At the same time it's not true that current LLMs only write terrible code.
"Even if that were true, it is not true that when you ask those people to do otherwise they simply pretend to have done it and forget you asked later."
The point is, that's not the typical experience and people like that can be replaced. We don't willingly bring people like that on our teams, and we certainly don't aim to replace entire teams with clones of this terrible coworker prototype.
Not only have i never had a coworker as bad as these people describe, the point is as you say: why would I want an LLM that works like these people's shitty coworkers?
My worst coworkers right now are the ones using Claude to write every word of code and don't test it. These are people who never produced such bad code on their own.
So the LLMs aren't just as bad as the bad coworkers, they're turning good coworkers into bad ones!
Couple of reasons, but mainly speed and avaiability.
I can give Claude a job anytime and it will do it immediately.
And yes, I will have to double check anything important, but I am way better and faster at checking, than doing it myself.
So obviously I don't want a shitty LLM as coworker, but a competent one. But the progress they made is pretty astonishing and they are good enough now that I started really integrating them.
In the long run, good code makes everyone much happier than code that is bad because people are being "nice" and letting things slide in code review to avoid confrontation.
...but seriously... there was the "up until 1850" LLM or whatever... can we make an "up until 1920 => 1990 [pre-internet] => present day" and then keep prodding the "older ones" until they "invent their way" to the newer years?
We knew more in 1920 than we did in 1850, but can a "thinking machine" of 1850-knowledge invent 1860's knowledge via infinite monkeys theorem/practice?
The same way that in 2025/2026, Knuth has just invented his way to 2027-knowledge with this paper/observation/finding? If I only had a beowulf cluster of these things... ;-)

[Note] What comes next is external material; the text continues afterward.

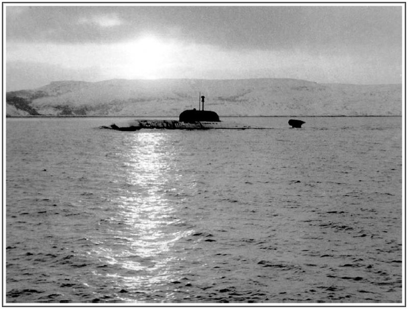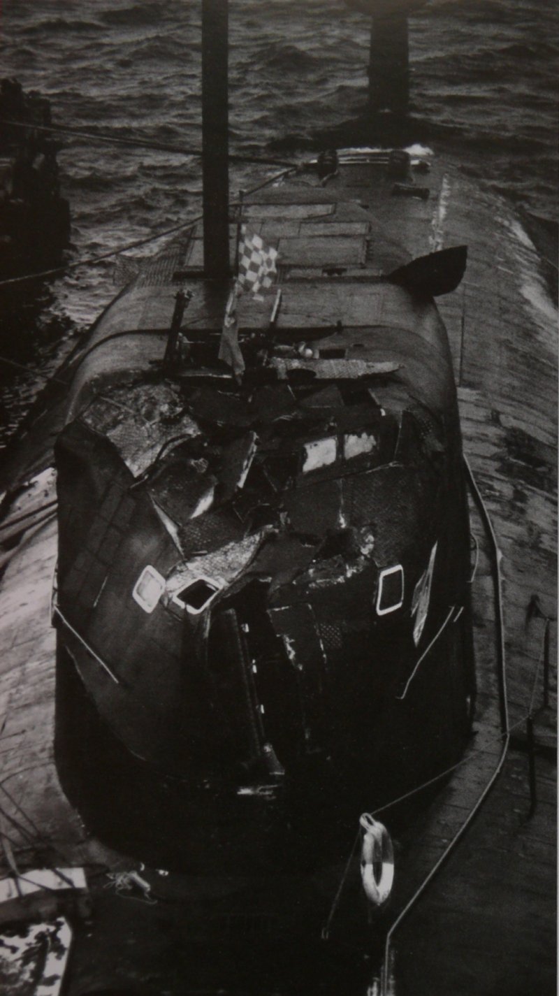 АПЛ К-276 (зав. № 302, с 03.06.1992. - Б-276, с 06.04.1993. - "Краб", с 15.11.1996. - "Кострома"), после столкновения 11 февраля 1992 года с АПЛ «Батон-Руж» класса «Лос- Анджелес». Снимок сделал во время сопровождения лодки в базу с борта спасательного буксира СБ-523 дежуривший на нём в числе спасательного отряда Северного флота.

But a query optimizer only matters once you have an established business with large customers.
You seem to be implying Salesforce’s business is successful because they have their own query optimizer. But the causality is reversed. Salesforce has their own query optimizer because they’ve built a successful business.
My point is that a lot of people think it'd be really easy to build the next Salesforce until they actually try to compete with Salesforce in the market. Like it or not, if you want to build a Salesforce competitor (or try to get your company to build its own) you're going to be compared to actual Salesforce, not the version of Salesforce that existed when the market was new.
Unfortunately, it is not, and many of its attempts at mathematical proofs have major flaws. You shouldn't trust its proofs unless you are already able to evaluate them--which I think is pretty much all the OP is saying.